However, whenever I am asked about my career or about some of the great teams I've been fortunate to coach, I never think in terms of trophies, banners, or even championships. Instead whenever I reflect back on my career I think of all the great relationships that I've developed with my players and I marvel at how many of those friendships are still intact years later.

Regardless of what the scoreboard says, if you want to feel like a true winner then make a conscious effort to develop strong relationships with each and every one of your players. Here are a few suggestions to help you do just that:

Be Respectful of Every Player

At first you may not love every one of your players and you might not even like some of them but it is imperative that you treat every player with respect from the very first minute you meet him. So many of these young players are talked down to by every adult they know and so if you treat them like an equal they will appreciate you forever. Of course when you are on the court you should be in complete control but off the court it can be a different story. Ask them about their classes, their friends, the music they listen to, and about other things that are important to them. Really listen to their answers and don't be judgmental, no matter how much their answers and opinions differ from your own.

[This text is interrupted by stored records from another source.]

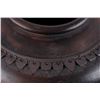 For your consideration is this large heart ring, earthenware ceramic pot, circa 20th century. This is a good, well-constructed pot with a textured ring halfway up the pot and a beautiful ring of hearts around the neck. The type of clay used is dark earthenware clay, which is a low fired ceramic clay. It is decorated to look like a wooden vessel. The condition of this ceramic pot is good, with no obvious signs of damage. The measurements of this large pot are 10 1/2" x 16 1/2" x 16 1/2".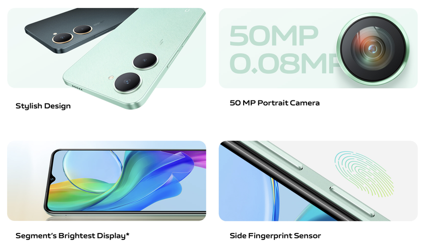 Das Gerät wird von einem MediaTek Helio G85 Prozessor angetrieben, der mit 4 GB RAM und 64/128 GB internem Speicher ausgestattet ist. Die Neuheit verfügt über einen microSD-Steckplatz, Virtual RAM-Funktion, IP54-Wasserfestigkeit und einen seitlich angebrachten Fingerabdruckscanner. Das Smartphone verfügt über einen 5000-mAh-Akku, eine 15-W-Ladefunktion und eine 50-MP-Hauptkamera. Das Gerät läuft mit Android 14 und FunTouch OS 14 Shell.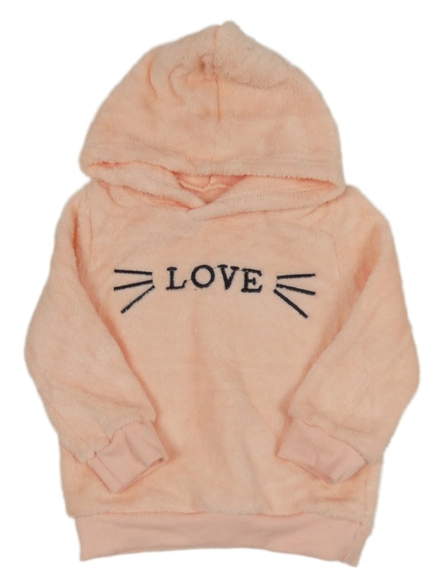 Broskvová chlpatá mikina s nápisom a kapucňou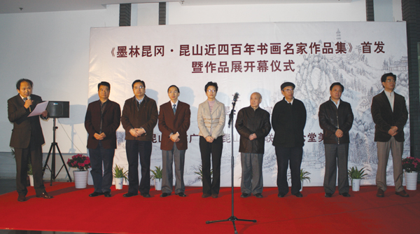 经过了一年的筹备,2009年11月17日上午,《墨林昆冈•昆山近四百年书画名家作品集》首发暨作品展开幕仪式在昆山市昆仑堂美术馆隆重举行。本次活动由中共昆山市委宣传部主办,昆山市文广局、文联、昆仑堂美术馆承办。市委常委宣传部长杭颖、市政府副秘书长蔡坤泉、宣传部副部长兼昆山日报主编高巧林、宣传部副部长兼文明办主任金建鸿、文广局局长赵红骑、文联主席郁建中等领导和书画家计200多人出席了活动。故宫博物院原副院长、国家文物鉴定委员会委员、昆仑堂美术馆学术顾问杨新,中央美术学院教授、国家文物鉴定委员会委员、昆仑堂美术馆学术顾问薛永年出席本次活动并作了重要讲话。杭颖部长在首发式上说,昆山在经济社会快速发展的同时,文化建设和发展取得了跨越式进步。本次活动是文化昆山建设浓墨重彩的一笔,以后还要围绕文化昆山建设做足文章,传承和弘扬传统文化,建设和发展现代文化。杨新先生认为,昆山自古以来就是一个人才辈出的地方,我们国家的文化建设要依靠各地方的努力,昆仑堂美术馆所作的工作非常不容易,他充分肯定了昆山出版这样一本书、举办这样一次展览的重要意义。薛永年先生也认为昆山在古代就代有高人,他肯定了昆山的发展,特别是文化建设方面的发展,是由于昆山政府对文化建设的重视和支持。他对本次活动也作出了高度的评价:“这么多的珍品佳作,可以说昆山这个地方在历史上也是卧虎藏龙。”最后他指出:“我们要把收藏、把收藏的传播,把对传统的弘扬和进一步建设我们新的文化做得更好。”活动仪式由昆仑堂美术馆馆长俞建良主持。仪式结束后与会者参观了展览,共同鉴赏这批具有地方特色的名家书画珍品。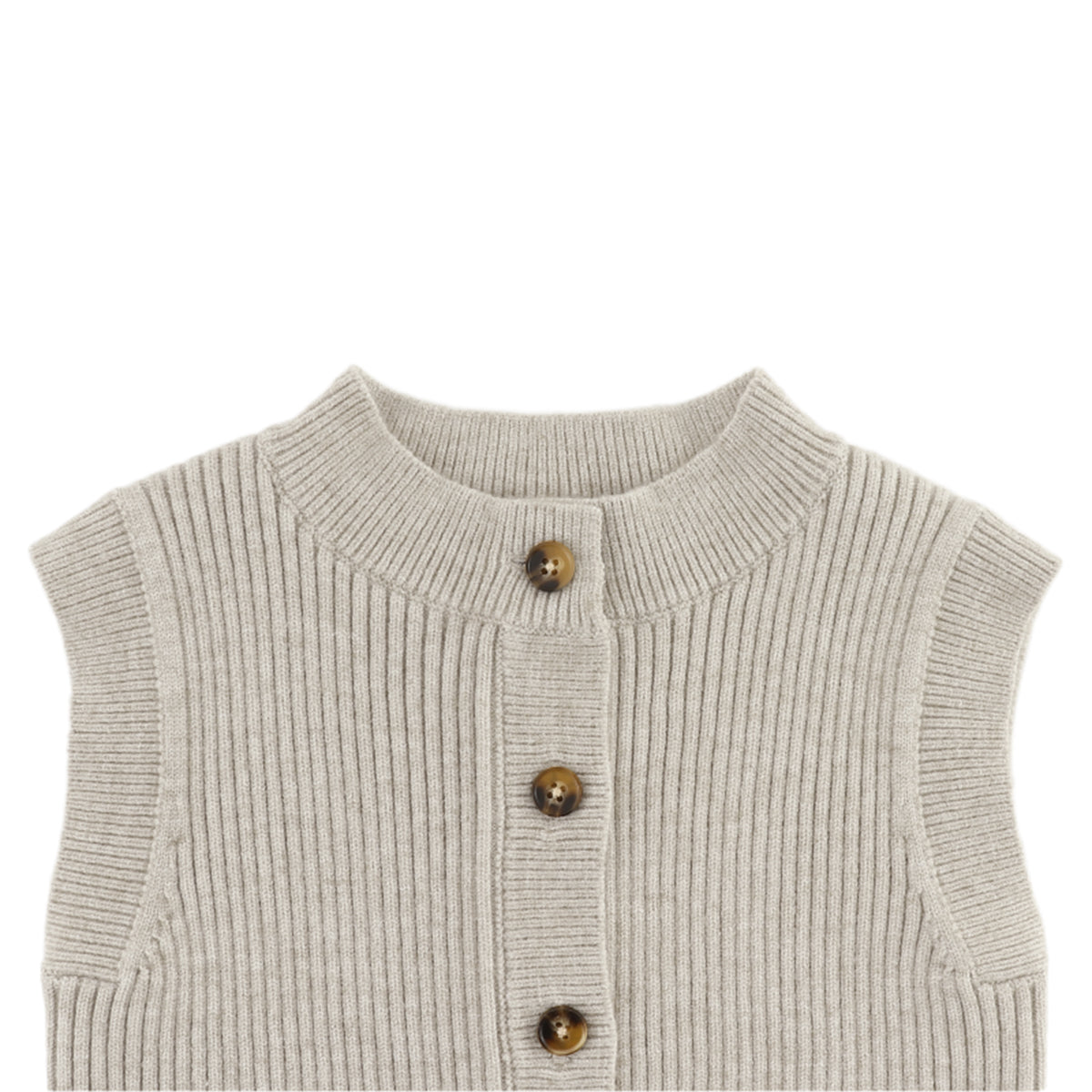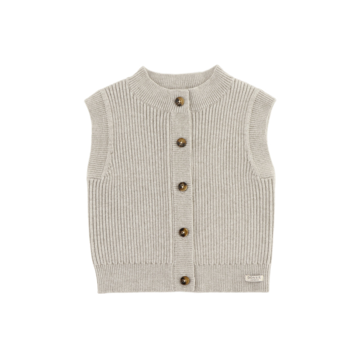 Chic and cosy layers! The Tjitske vest is a stylish layering piece for any season. With its decorative front fastening and easy slip-on design, this ribbed knit vest adds texture and charm to any outfit.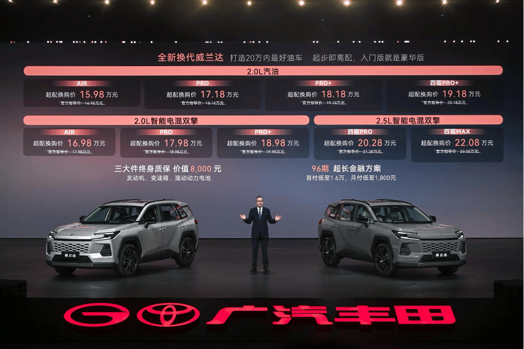 今天,全新换代威兰达正式上市,打出「燃油车域控时代」的 slogan,强调智能化体验,定位 20 万元以内的高性价比 SUV。据悉,全新威兰达是丰田首款采用全新电子电气架构的燃油车,搭载域节制器取千兆以太网,共同高通骁龙 8155P 芯片,实现算力集中取 OTA 升级能力,鞭策燃油车进入「软件定义汽车」时代。其他规格如下:首发搭载丰田 TSS 4。0 智能驾驶辅帮系统,传感器数量增至 24 个,前向摄像头像素提拔至 830 万,毫米波雷达探测距离延长至 280 米,笼盖 200+ 智驾场景;配备 15。6 英寸中控屏、26。4 英寸 HUD 平视显示系统,并支撑 Harmony OS 生态协同,预拆 26 款支流使用。自研言语大模子语音系统支撑全车四音区免交互;此次换代车型新增 2。0L 混动版本,将中型 SUV 混动价钱初次拉入 20 万元区间,从打「起步即高配,入门版就是奢华版」。具体售价如下: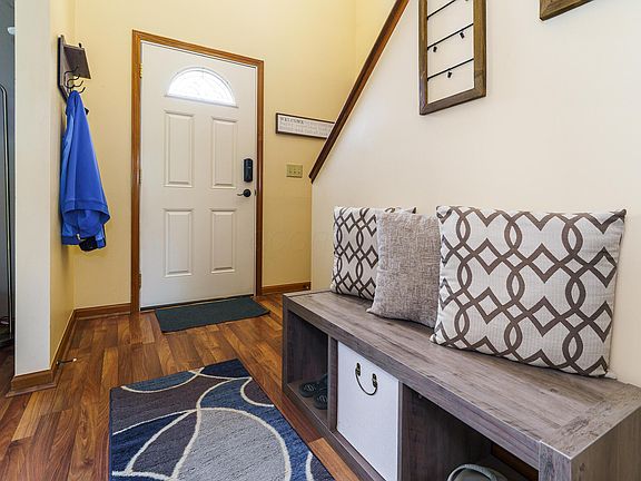 The partially finished basement expands your living space with a versatile rec room — ideal for a playroom, home gym, or media space — while the unfinished side provides ample storage. Step outside to enjoy a private back patio, perfect for relaxing or entertaining on crisp fall evenings.

Stay Poised and in Control of your Emotions

Let's face it - your players are occasionally going to make mistakes and bad decisions. It's a given and it's going to happen. How you react to those mistakes can very well set the tone for your entire relationship so make sure you react appropriately. Remember, if you want to get rid of a fly you use a flyswatter not a bazooka.

When a player comes to you to explain a mistake he has made or a situation he has gotten himself in to your first reaction should not and cannot be to yell and scream and cuss at him. Help him solve the problem first - there will be plenty of time to be mad later!

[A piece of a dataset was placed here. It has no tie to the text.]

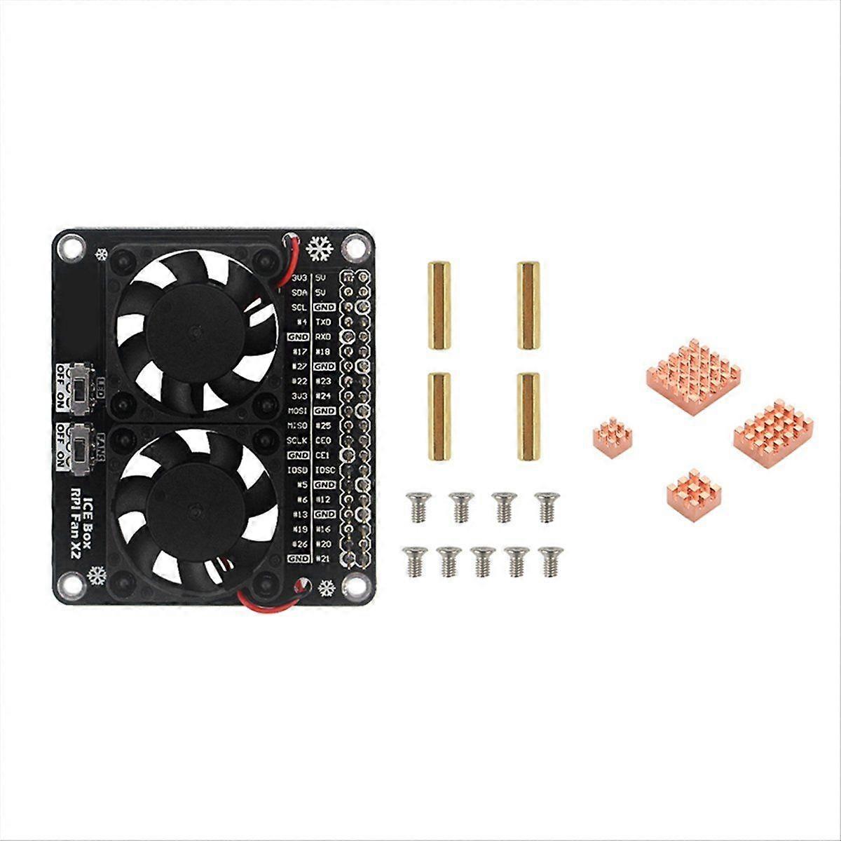 For Model B GPIO Extension Board Dual Cooling Fan, for 4B, 3B+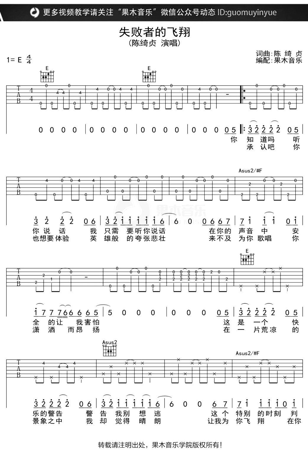 《陈绮贞《失败者的飞翔吉他谱》(E调)》内容来自于互联网,不能保证内容的准确性与完整性,仅供学习交流欣赏,请勿用于其它用途,内容版权归原作者及来源网站所有,如有侵犯到您的权益请来信告知,我们将及时删除。

Inspire Instead of Motivate

External motivation is always temporary and so the only lasting motivation must come from within. Instead, inspire your players by helping them see the big picture and by creating a standard of excellence for them to live up to and to use to measure their performance. Help them want to be better players, better students, and better people.

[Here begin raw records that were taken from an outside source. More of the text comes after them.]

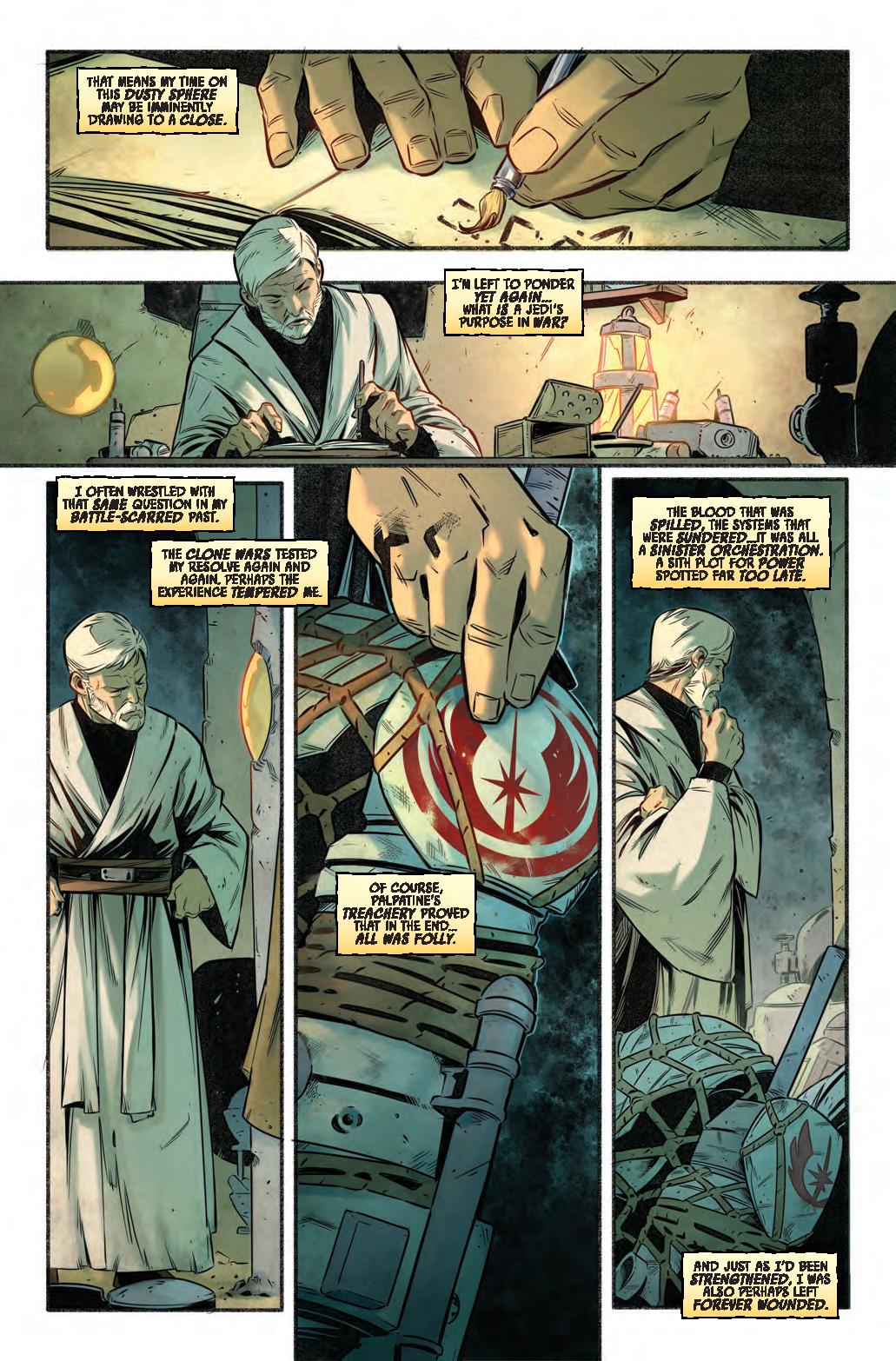 Accessories include an LED light-up lightsaber, with interchangeable lightsaber blades emulating the weapon in motion, and multiple lightsaber hilts, as well as a holoprojector with Obi-Wan Kenobi and Fifth Brother holograms.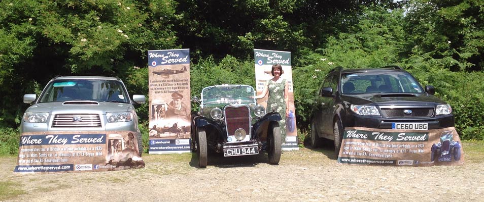 with her back-up vehicles and our excellent new promotional banners by ABC Print of Hereford.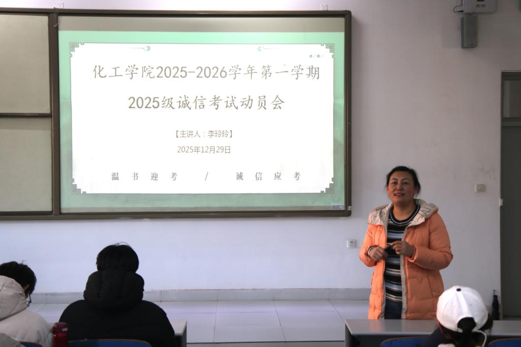 12月29日,av视频在J1-228教室召开2025级本科生诚信考试动员会。本次会议由2025级辅导员李玲玲老师主持,全体2025级本科生到场聆听。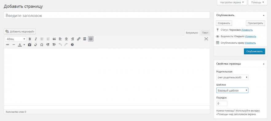 К счастью, способ создания страниц WordPress практически совпадает со способом создания постов. Единственное различие имеется в правой части экрана. Тогда как посты позволяют Вам выбирать рубрики и метки, страницы дают возможность организовывать их в иерархии, применять пользовательские шаблоны и переупорядочивать их по своему усмотрению. Итак, давайте сосредоточимся на этих возможностях.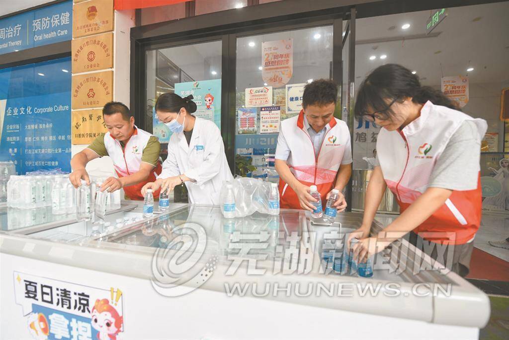 特意将大冰柜摆放在户外,及时添置好方便携带的瓶装水,为巡逻的保安师傅送上冰水并招呼他们到室内纳凉……7月16日一早,位于中央城的鸠兹口腔门诊部温情一幕幕。鸠兹口腔是“爱心冰柜”活动的“老朋友”了。作为芜湖市志愿者协会副会长单位,今年他们不仅开放了两个门诊部的爱心冰柜点,还带头捐赠了1000瓶水用于其他爱心冰柜点的补给。“芜湖市最美志愿者”胡才虎也是如此。在他的发起下,多位志愿者不仅维护好位于龙华社区的爱心冰柜点,也捐水支持其他爱心冰柜点。

Consistently Walk the Walk

The life of a young athlete is full of ups and downs and changes and contradictions. Even their best friends are fickle and borderline bipolar. You must be a rock; the anchor that they can always count on when everything else around them seems to be different every day. If you want your players to work hard then you work hard. If you want them to be friendly and personable then you be friendly and personable. If you want them to take school seriously then you take your job seriously (especially if you work at the school). In other words, you be what you want your players to become!

Treat Your Players like Family

Let everyone on the team know that you care about them as people and not just as basketball players. Take them to watch college or professional games. Go bowling. Play whiffle ball. Invite two players over to your house for dinner every Sunday and let them get to know you and your family while you get to know them. Of course, once in a while families disagree with each other and at other times some discipline is necessary but at the end of the day everyone still loves each other and has each other's backs.

Remember It's all about the Players

This might be the most important part of establishing strong and lasting relationships with your players. The players are not there for you - you are there for your players. You are to coach them, teach them, mentor them, guide them, and strive to give them the best experience possible. Years from now they're not going to remember many specifics but they will remember you and they will remember if their experience was a good one or not. As long as you remember that it's not about you but about the players everything will work out fine and you will be a successful coach.